In a situation such as the childhood mortality data, we can transform skewed data into a more normal distribution. In fact, even when the sample is small and the population distribution is skewed, there are still a variety of ways for us to transform skewed data so that they are no longer skewed. One way is to transform scale data to ordinal data. For example, consider a sample of incomes of $24,000, $27,000, $35,000, $46,000, and $550,000. Here, the income of $550,000 is far higher than the next-highest income of $46,000. We converted these data to ordinal:

Scale: $24,000 $27,000 $35,000 $46,000 $550,000
Ordinal: 5 4 3 2 1

Now $550,000 is ranked first and $46,000 is ranked second. However, the large difference between the two scores disappeared when we transformed the data from a scale measure to an ordinal measure. The problem with transforming scale data to ordinal data is that a z test or a t test only works with scale data. (We will learn tests we can use with ordinal data in Chapters 17 and 18.) Fortunately, other transformations also can diminish skew while still allowing us to use the more powerful parametric tests we’ve learned so far.

A square root transformation reduces skew by compressing both the negative and positive sides of a skewed distribution.

A square root transformation reduces skew by compressing both the negative and positive sides of a skewed distribution. Let’s take the same five incomes on a scale measure, but instead of converting them to ranks, we’ll take the square root of each of them. As we will see, the effect is more dramatic on the higher values.

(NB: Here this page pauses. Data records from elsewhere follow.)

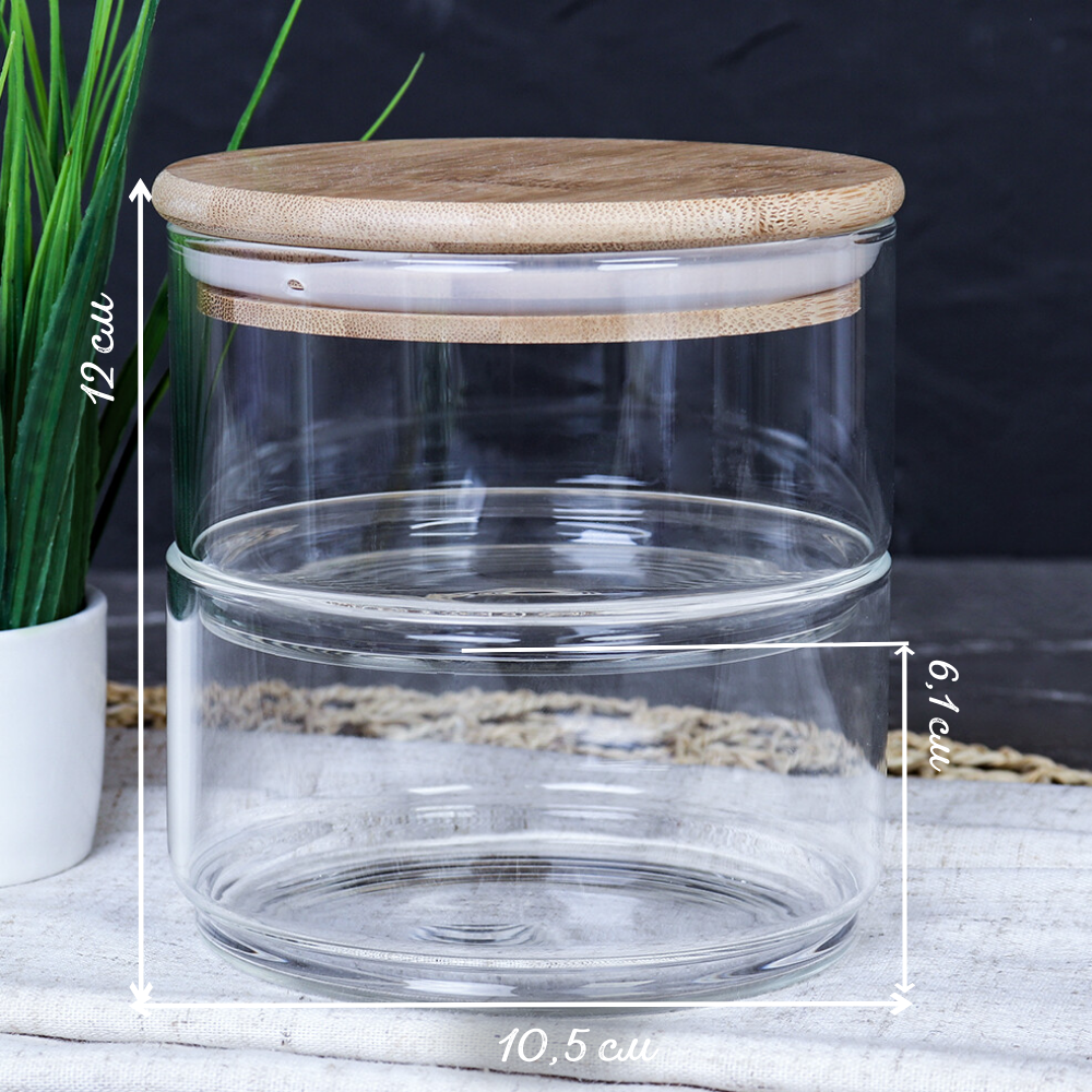 Отзывы на Банки для сыпучих продуктов 2-х ярусная по 450 мл, бамбуковая крышка, стекло
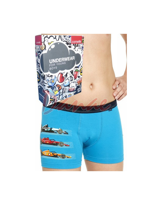 Priliehavé elastické boxerky pre chlapcov, na jednej nohavičke s potlačou - tri pretekárske autá formule.
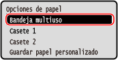 Si siempre usa el mismo papel en la bandeja multiuso, puede registrar el tamaño y el tipo de papel. Esto evita que aparezca la pantalla de configuración del papel, de modo que se ahorra la molestia de tener que configurar las opciones.
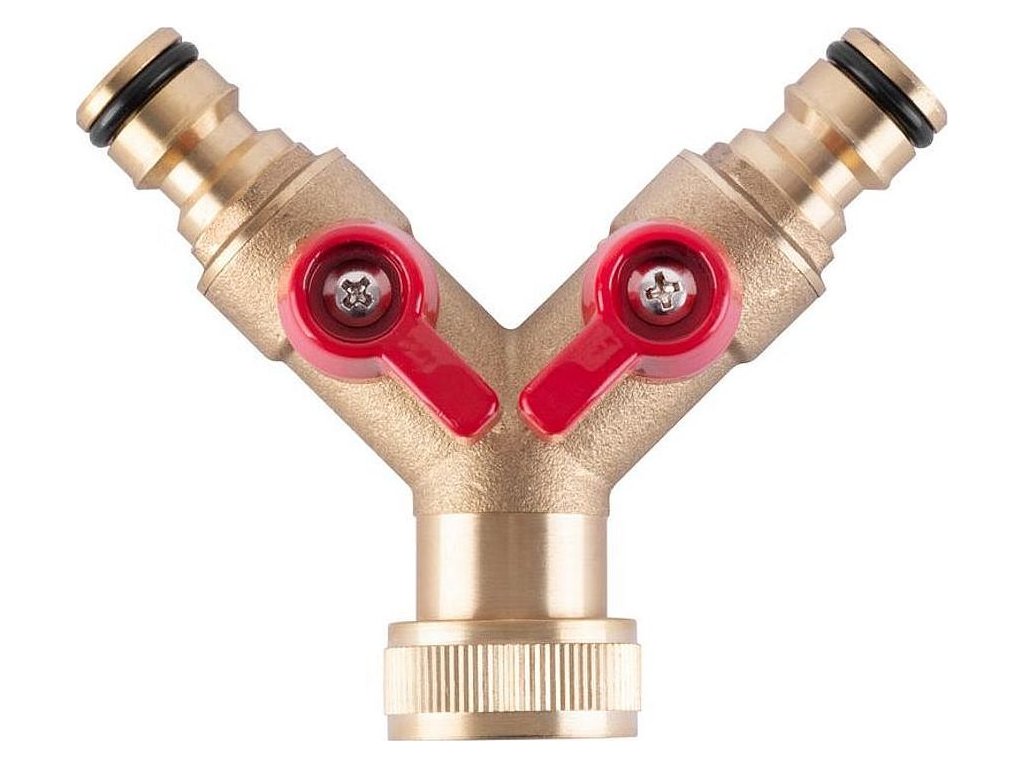 Rozbočovač GF123, 3/4", typ Y, bajonetový, spojka 2-way, s ventilmi, kovový, záhradný, na hadicu

Scale: $24,000 $27,000 $35,000 $46,000 $550,000
Square root: $154.92 $164.32 $187.08 $214.48 $741.62

Now the severe outlier of $550,000, much higher than the next-highest score of $46,000, is only a little more than $500 (instead of a little more than $500,000) above the next-highest score, and we still have scale data. This is not cheating; a square root transformation is a legitimate mathematical procedure if we do the same thing to every score. We cannot transform only the extreme scores. Furthermore, we always report what we did and why.

277

Here we have discussed two ways to deal with skewed data:

  1. Transform a scale variable to an ordinal variable.
  2. Use a data transformation such as square root transformation to “squeeze” the data together to make them more normal.

Remember that we need to apply any kind of data transformation to every observation in the data set. Furthermore, data transformation should only be used if it isn’t possible to operationalize the variable of interest in a better way. You want to keep your statistical analyses as simple as possible and no simpler.

CHECK YOUR LEARNING

Reviewing the Concepts

  • A confidence interval can be created with a t distribution around a difference between means.
  • We can calculate an effect size, Cohen’s d, for an independent-samples t test.
  • When the sample data suggest that the underlying population distribution is not normal and the sample size is small, it is sometimes possible to use data transformation to transform skewed data into a more normal distribution.

Clarifying the Concepts

  • 11-5 Why do we calculate confidence intervals?
  • 11-6 How does considering the conclusions in terms of effect size help to prevent incorrect interpretations of the findings?

Calculating the Statistics

  • 11-7 Use the hypothetical data on level of agreement with a supervisor, as listed here, to calculate the following. We already made some of these calculations for Check Your Learning 11-3.
  • Group 1 (low trust in leader): 3, 2, 4, 6, 1, 2
  • Group 2 (high trust in leader): 5, 4, 6, 2, 6
    1. Calculate the 95% confidence interval.
    2. Calculate effect size using Cohen’s d.

Applying the Concepts

  • 11-8 Explain what the confidence interval calculated in Check Your Learning 11-7 tells us. Why is this confidence interval superior to the hypothesis test that we conducted?
  • 11-9 Interpret the meaning of the effect size calculated in Check Your Learning 11-7. What does this add to the confidence interval and hypothesis test?

Solutions to these Check Your Learning questions can be found in Appendix D.